To avoid uncertainties associated with different spatial resolutions, all relevant variables were converted into raster format with a 30-m resolution using QGIS software, which is conducive to achieving better results [39]. Among these 14 variables, lithology and land use are categorical variables, whereas the other variables are continuous variables. Both categorical and continuous variables can be used for four models. Studies have shown that the use of all categorical variables can yield a more accurate predictive performance than the use of partially continuous variables [40]. In addition, obtaining a standardized variable map is a prerequisite for landslide analysis [41]. Therefore, in the present study, continuous variables were reclassified into categorical variables based on different methods.
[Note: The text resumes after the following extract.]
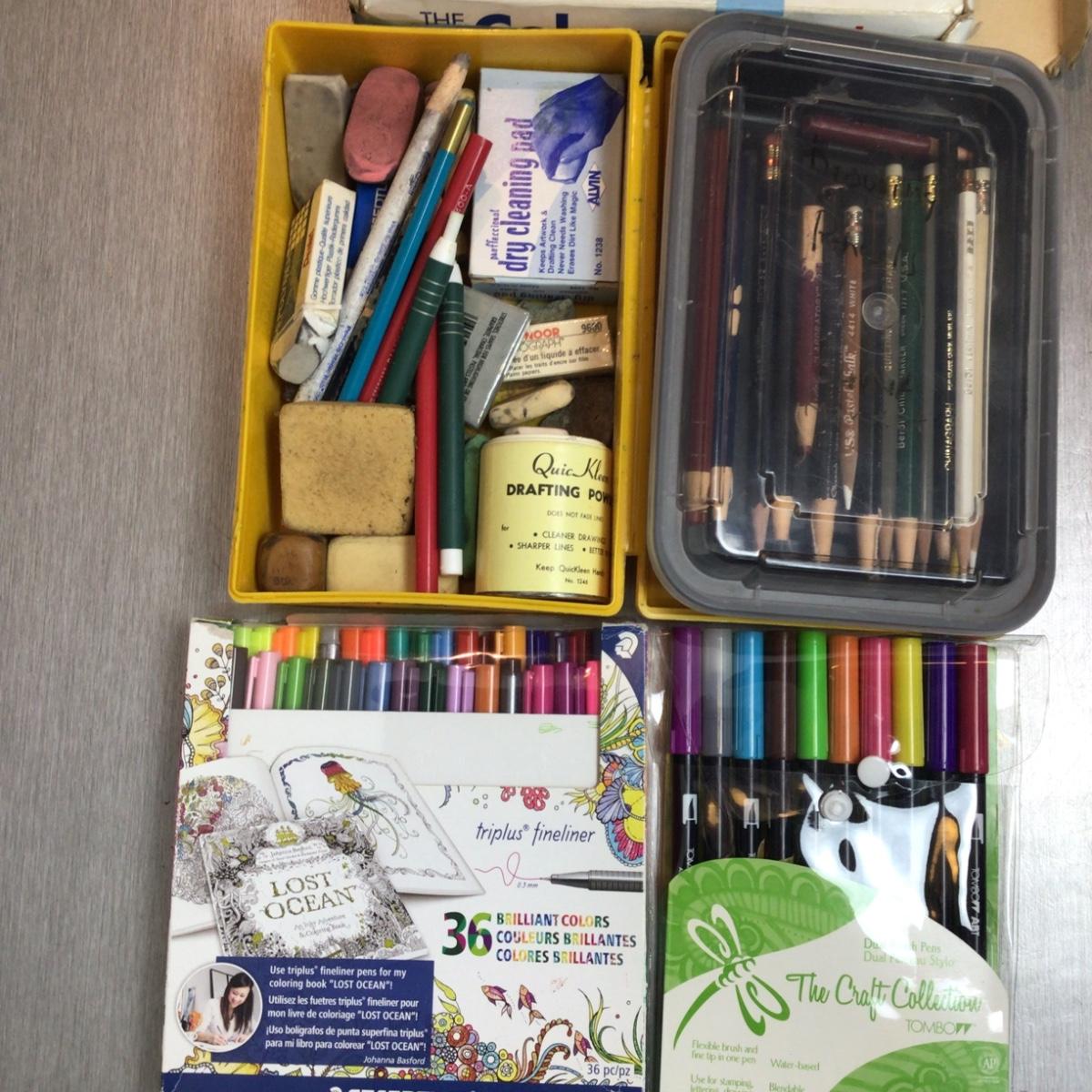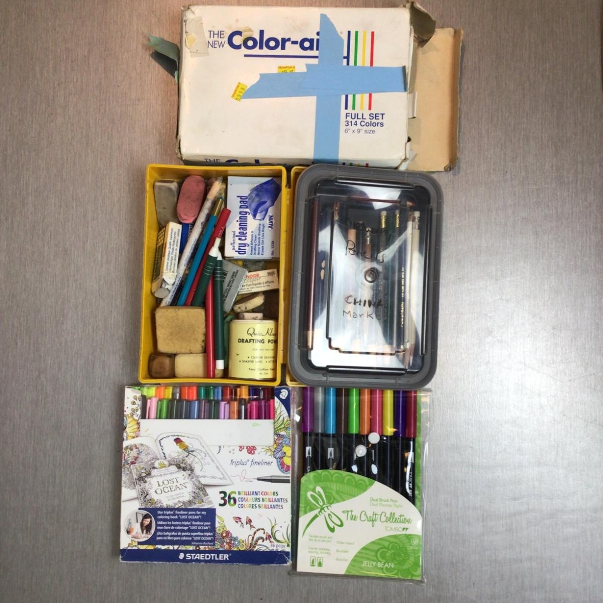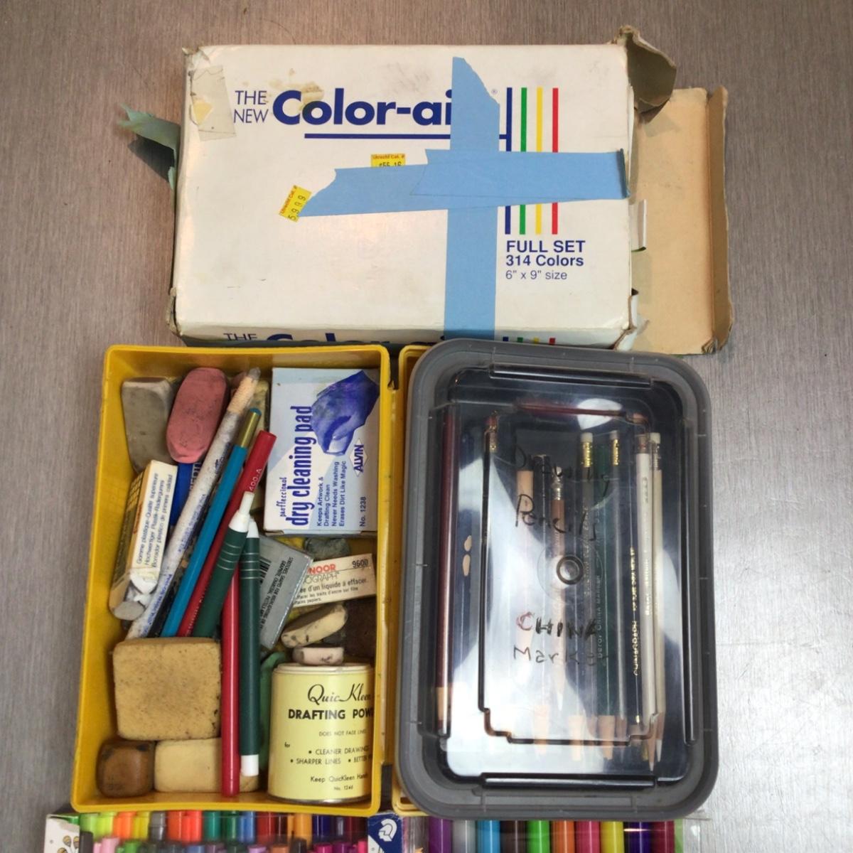 Lot contains color swatches, assorted erasers, drawing pencils and fine point markers.

Based on many previous studies (e.g., [42]), curvature was classified using the natural breaks method, which can form several classes based on the intrinsic features of a dataset without any subjective thought [23]. The other continuous variables were classified using the equal interval method following certain guidelines and suggestions applied in landslide assessments and to determine the class intervals and best arrangement of variable values [31,43].

3. Methodology

The modeling methodology proposed in this study consisted of five main steps (Figure 4): (i) constructing the geospatial database using QGIS software, (ii) analyzing the multicollinearity problem and predictive ability of variables using MATLAB and Waikato Environment for Knowledge Analysis (WEKA) package (version 3.8.5) software, (iii) building landslide susceptibility models using BN, DTable, RBFN and SGD algorithms in WEKA software, (iv) validating and comparing the models using MATLAB software, and (v) performing sufficiency analysis and producing LSMs in a GIS system.

3.1. Frequency Ratio (FR)

The FR is widely and efficiently applied in the field of landslide susceptibility analysis. Here, we performed the FR method to calculate the weight of each class according to the probabilistic relationship between landslide-related variables and landslide occurrences [44]. If the FR value is greater than 1, the corresponding area has a higher probability of landslide occurrence. In contrast, if the FR value is less than 1, the probability of landslide occurrence is low. The FR value of each class of variables can be calculated using the following equation (e.g., Lee and Pradhan [45]):

F R = \frac{N_{j} / \sum_{j = 1}^{m} N_{j}}{A_{j} / \sum_{j = 1}^{m} A_{j}}

(1)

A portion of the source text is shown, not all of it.